§ Exercise description:
Reproduce the material below only from the line with "СохранитьПокрывало на кровать" to the line with "Mochila de cuerdas", both included, keeping each line exact and dropping the pictures.

--- Data records Enclosed Below ---

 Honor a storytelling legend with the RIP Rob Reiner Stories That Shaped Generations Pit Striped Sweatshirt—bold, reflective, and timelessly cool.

--- End of Enclosed Data records ---
--- Data records Enclosed Below ---

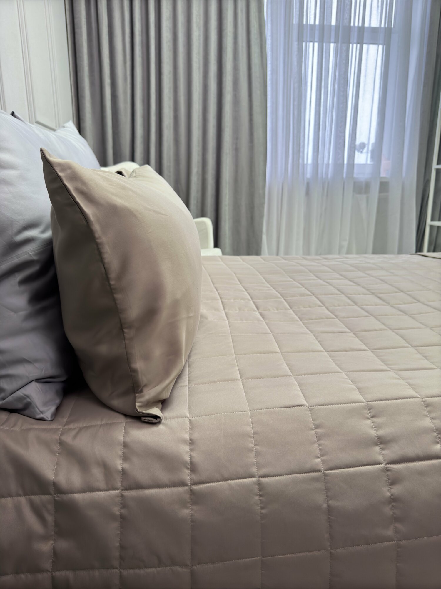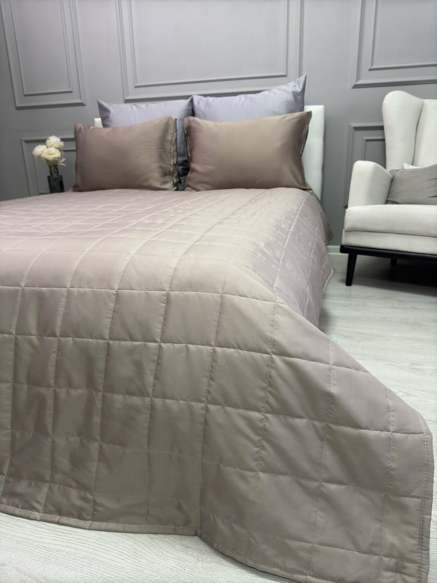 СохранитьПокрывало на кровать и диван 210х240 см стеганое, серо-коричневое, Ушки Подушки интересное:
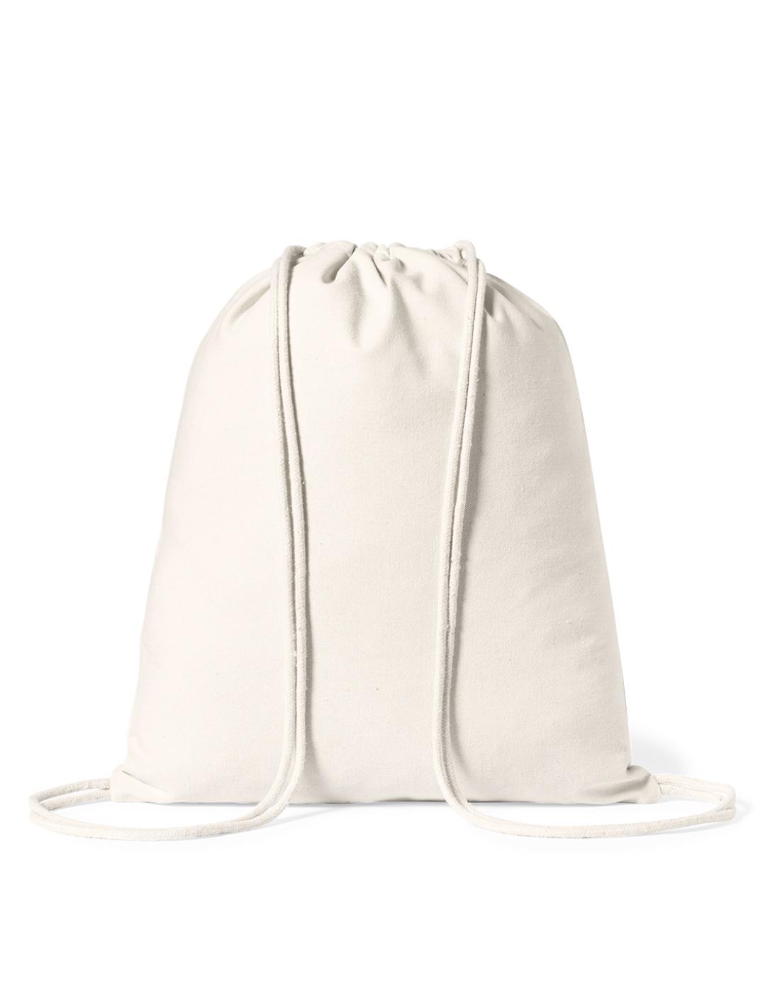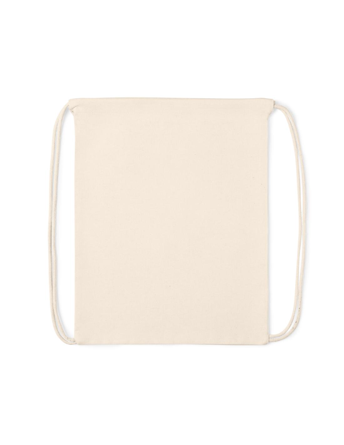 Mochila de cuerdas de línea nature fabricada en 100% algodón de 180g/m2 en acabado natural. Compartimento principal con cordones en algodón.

--- End of Enclosed Data records ---

§ Completed task:
 СохранитьПокрывало на кровать и диван 210х240 см стеганое, серо-коричневое, Ушки Подушки интересное:
 Mochila de cuerdas de línea nature fabricada en 100% algodón de 180g/m2 en acabado natural. Compartimento principal con cordones en algodón.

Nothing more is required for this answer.